Why Agentic RL Beats One-Shot Generation¶
| Approach | Pass@1 on Hard Problems | IGM Benchmark |
|---|---|---|
| GPT-4o (direct) | ~8% | No |
| o3-mini (chain-of-thought) | ~23% | No |
| GrandCode (agentic RL) | ~61% | Yes |
The gap exists because hard competitive problems require:
- Test-driven iteration — submitting partial solutions and observing which tests fail
- Edge-case discovery — the external judge reveals inputs the model never imagined
- Multi-hypothesis search — trying different algorithmic approaches in parallel
One-shot generation cannot recover from a wrong choice of algorithm. An agentic loop can backtrack.
Verification as the Training Signal¶
The crucial infrastructure piece: cheap, deterministic verifiers. Competitive programming has perfect verifiers (judge test cases). The RL loop only works because:
- Every intermediate solution can be evaluated exactly
- Evaluation is fast (milliseconds per test case)

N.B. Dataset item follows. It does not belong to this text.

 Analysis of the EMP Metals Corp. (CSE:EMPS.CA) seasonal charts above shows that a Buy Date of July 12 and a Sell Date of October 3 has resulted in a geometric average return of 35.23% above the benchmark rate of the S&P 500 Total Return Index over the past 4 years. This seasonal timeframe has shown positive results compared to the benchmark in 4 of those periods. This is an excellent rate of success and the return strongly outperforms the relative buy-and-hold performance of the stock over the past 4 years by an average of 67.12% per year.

- Partial credit is meaningful (% tests passed = reward)
# Process reward model
def step_reward(partial_solution: str, test_cases: list) -> float:
passed = sum(run_test(partial_solution, t) for t in test_cases)

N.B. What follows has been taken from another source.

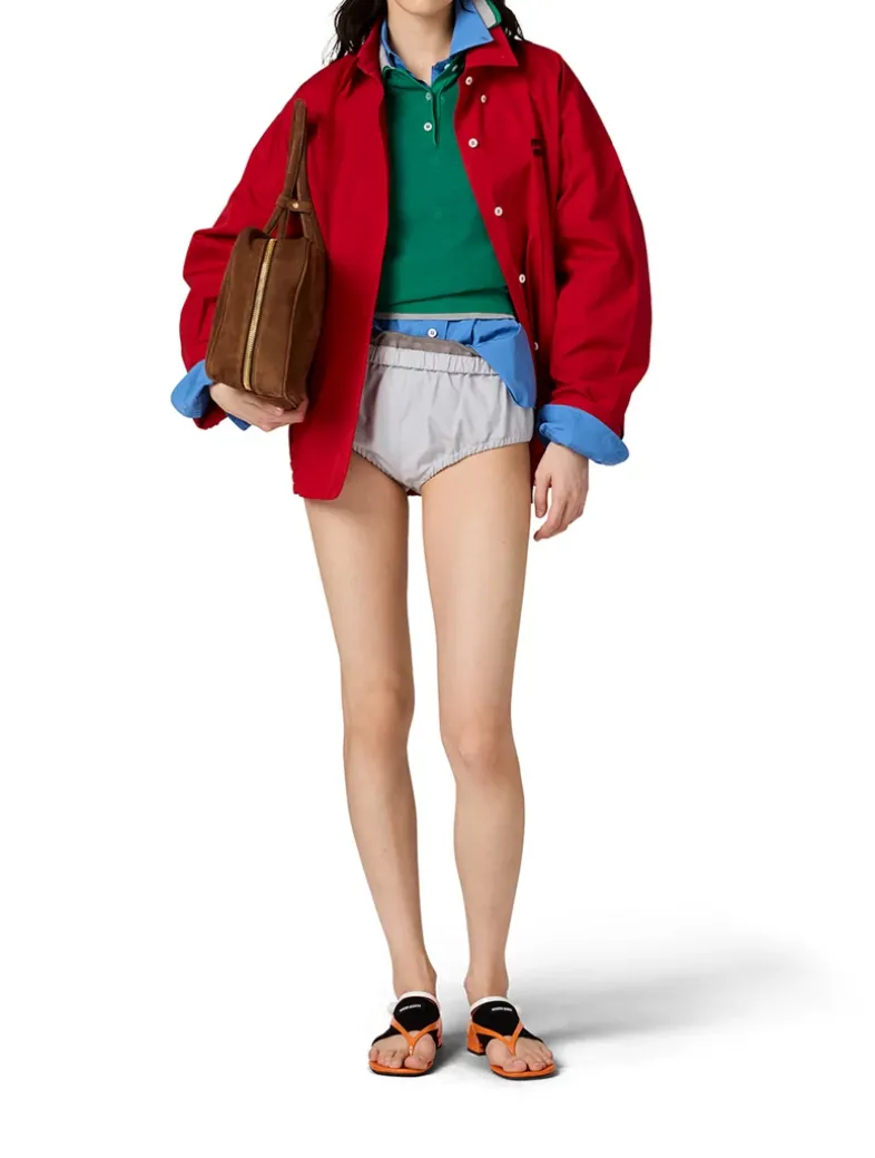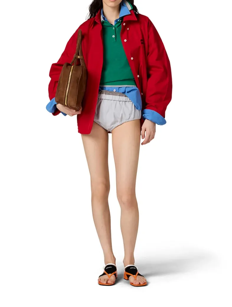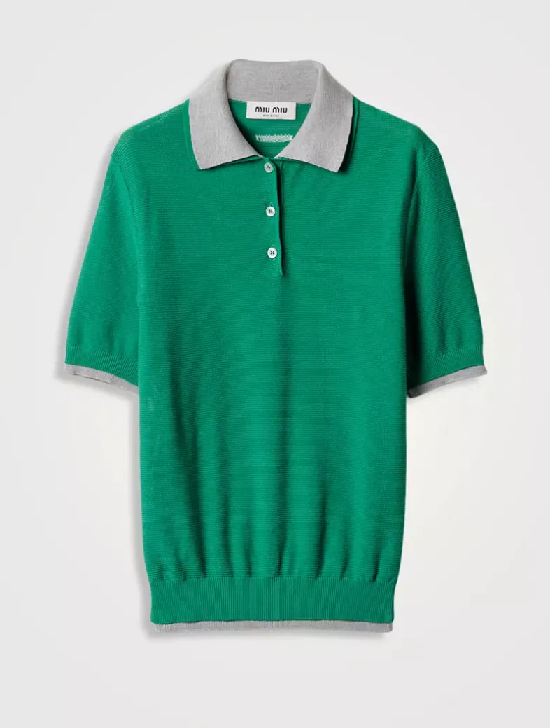 Mesh knit Boxy fit Short sleeves Semi-raglan shoulder Ribbed knit sleeve trim and hem Contrasting silk trim Front button closure Knit logo patch

return passed / len(test_cases) # 0.0 → 1.0 dense signal
This is why competitive programming is an ideal RL training domain: the reward signal that makes RL hard in open-ended tasks is given for free.
Memory Intelligence Agent (MIA) Pattern¶
A separate line of work (ECNU-SII/MIA) addresses a related bottleneck: in deep research tasks, the agent must synthesize information across dozens of tool calls. Without explicit memory management, it loses earlier findings as context fills.
MIA introduces a structured working memory that the agent reads and writes explicitly:
# MIA-style memory operations (conceptual)
memory = WorkingMemory()
# During research loop
finding = web_search(query)
memory.store(key=topic_hash(finding), value=summarize(finding))
# When forming final answer
relevant = memory.retrieve(query=current_subtask, top_k=5)
answer = synthesize(relevant + current_context)
The measured improvement: ~40% reduction in "repeated searches" (the agent re-discovering information it already found), and meaningful accuracy gains on multi-hop research benchmarks.
Connecting to Proof Loop Pattern¶
Both GrandCode and MIA instantiate the same underlying pattern:
- GrandCode: spec = problem statement; evidence = test results; fresh verifier = judge
- MIA: spec = research question; evidence = memory contents; fresh verifier = synthesis step
The difference from agent self improvement reflection techniques: GrandCode uses external ground truth (judge tests), not self-assessed quality. The verifier is outside the policy being optimized. This prevents the model from gaming its own evaluation metric.
Implementation Constraints¶
- Verifier availability is the bottleneck: this approach ports directly to any domain with cheap deterministic verification (unit tests, formal provers, SQL query validators). It does not port to open-ended generation tasks without a separate reward model.
- Exploration cost scales with problem difficulty: grandmaster problems require 50-200 refinement steps; easy problems need 1-3. Budget accordingly.
- RL requires trajectory data: getting to grandmaster level required training on ~500K competitive programming trajectories with annotated intermediate rewards. This is not fine-tuning on solutions; it is training on the full solve process.
Gotchas¶
- Sparse reward kills RL on hard problems: if you only score the final submission, the gradient signal for a 90%-correct solution is identical to a 0%-correct one. Use test-suite pass rate as dense reward.
- Test leakage invalidates results: if training trajectories include problems from the evaluation set, reported performance is inflated. Verify train/eval split at the problem level, not just the solution level.
- Self-generated test cases are weak: models tend to generate tests that pass their own solutions. Use held-out external judges or adversarially generated edge cases.
- Memory without forgetting degrades: MIA-style memory accumulates noise over long sessions. Implement staleness decay or periodic consolidation to prevent retrieval quality from dropping after 50+ writes.